In order to demonstrate the use of the remeasurement process, assume that at the beginning of the year a U.S. parent company invested 100,000 foreign currency B (FCB) to form a 100% owned subsidiary. The subsidiary immediately invested the foreign currency in land at a cost of 50,000 FCB and inventory with a cost of 50,000 FCB. At midyear, 50% of the inventory was sold for 40,000 FCB. At year-end, assume that the sale is still uncollected. Although FCB is the subsidiary's functional currency, the subsidiary maintains its books of record in foreign currency A (FCA). Assume the following exchange rates:

 

Beginning of Year

Mid Year

End of Year

1 FCB equals

12.5 FCA

8 FCA

10 FCA

1 FCA equals

0.08 FCB

0.125 FCB

0.10 FCB

1 FCA equals

$0.20

$0.40

$0.30

1 FCB equals

$2.50

$3.20

$3.00

Required

  • 1. Prepare the entries to record the above transactions: (a) as they would have been recorded on the books of the subsidiary and (b) as they would have been recorded had they been recorded in terms of FCB. Also, prepare the trial balance that would have resulted under each of the recording models.
  • 2. Prepare a schedule to remeasure the FCA trial balance into an FCB trial balance and then translate into U.S. dollars.
  • 3. Prepare a schedule to directly calculate the translation adjustment to be reported in other comprehensive income.
  • 4. Compare the remeasured FCB trial balance to the FCB trial balance in part (1) and comment regarding whether the objectives of translation have been achieved.

Problem 11-3 (LO 3, 5) Translate a trial balance and prepare a consolidation worksheet with excess of cost over book value traceable to equipment.

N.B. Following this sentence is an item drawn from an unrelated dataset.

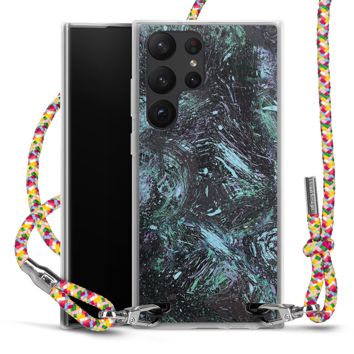 The flexible case is made from a highquality TPU material (thermoplastic Polyurethan). Thanks to its longlasting and break resistant characterisitcs, the case is flexible yet consistent in form and has a great grip and feel. The textile strap made from Polyester gives a chic yet casual accent allowing you to carry your phone like a bag or necklace - a practical gadget perfect for your next adventure. The textile strap is about 1.70 meters long and the length can easily be adjusted through the knots. Our Carry Case is available in Colourful, Mint-Camouflage, Very-Berry, Sahara-Sand and Sparkling-Neon. The ends of the textile strap are covered with metallic end caps to protect them against fraying.
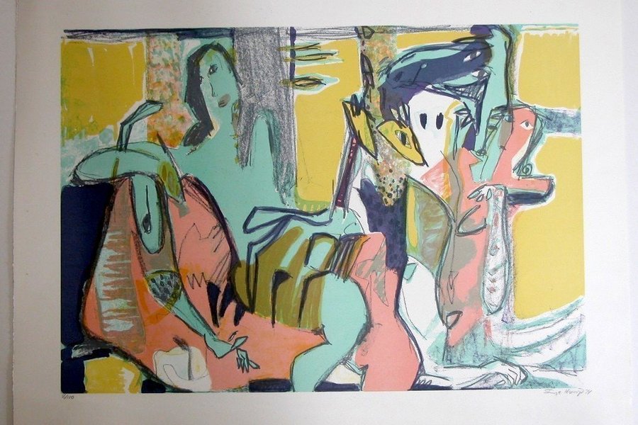 Inge Hørup - fødd 1958. Färglitografi med titeln: Komposition med damer. Originalt signerad Inge Hørup 94 och numrerad 8/100 i blyerts. Billedmål: 45 x 65 cm. og Bladmått: 56 x 76 cm. U/R

Due to increasing pressures to expand globally, Pueblo Corporation acquired a 100% interest in Sorenson Company, a foreign company, on January 1, 2016. Pueblo paid 12,000,000 FC, and Sorenson's equity consisted of the following:

Common stock

3,000,000 FC

Paid-in capital in excess of par

2,000,000

Retained earnings

4,200,000

Total

9,200,000 FC

On the date of acquisition, equipment with a 10-year life was undervalued by 500,000 FC. Any remaining excess of cost over book value is attributable to additional equipment with a 20-year life. The trial balances for Pueblo and Sorenson as of December 31, 2018, are as follows:

 

Pueblo Corporation

Sorenson Company

Cash

4,050,000

2,840,000 FC

Accounts Receivable

5,270,000

3,990,000

Inventory

5,540,000

5,800,000

Investment in Sorenson

20,969,000

 

Fixed Assets

21,000,000

15,000,000

Accumulated Depreciation

(12,560,000)

(6,800,000)

Accounts Payable

(3,450,000)

(1,580,000)

Long-Term Debt

(10,000,000)

(5,000,000)

Common Stock

(4,000,000)

(3,000,000)

Paid-In Capital in Excess of Par

(6,500,000)

(2,000,000)

Retained Earnings, January 1, 2018

(12,180,000)

(7,950,000)

Sales

(26,000,000)

(10,000,000)

Cost of Goods Sold

16,380,000

7,500,000

Operating Expenses

3,210,000

1,200,000

Subsidiary Income

(1,729,000)

 

Totals

0

0 FC

The investment in Sorenson consists of the following:

Initial investment (12,000,000 FC × $1.20)

$14,400,000

2016 Income (1,750,000 FC × $1.28)

2,240,000

2017 Income (2,000,000 FC × $1.30)

2,600,000

2018 Income

1,729,000

Total

$20,969,000

Relevant exchange rates are as follows:

 

1 FC =

January 1, 2016

$1.20

2016 Average

1.28

January 1, 2017

1.25

2017 Average

1.30

December 31, 2018

1.31

2018 Average

1.33

Required

Assuming the FC is Sorenson's functional currency, prepare a consolidated worksheet.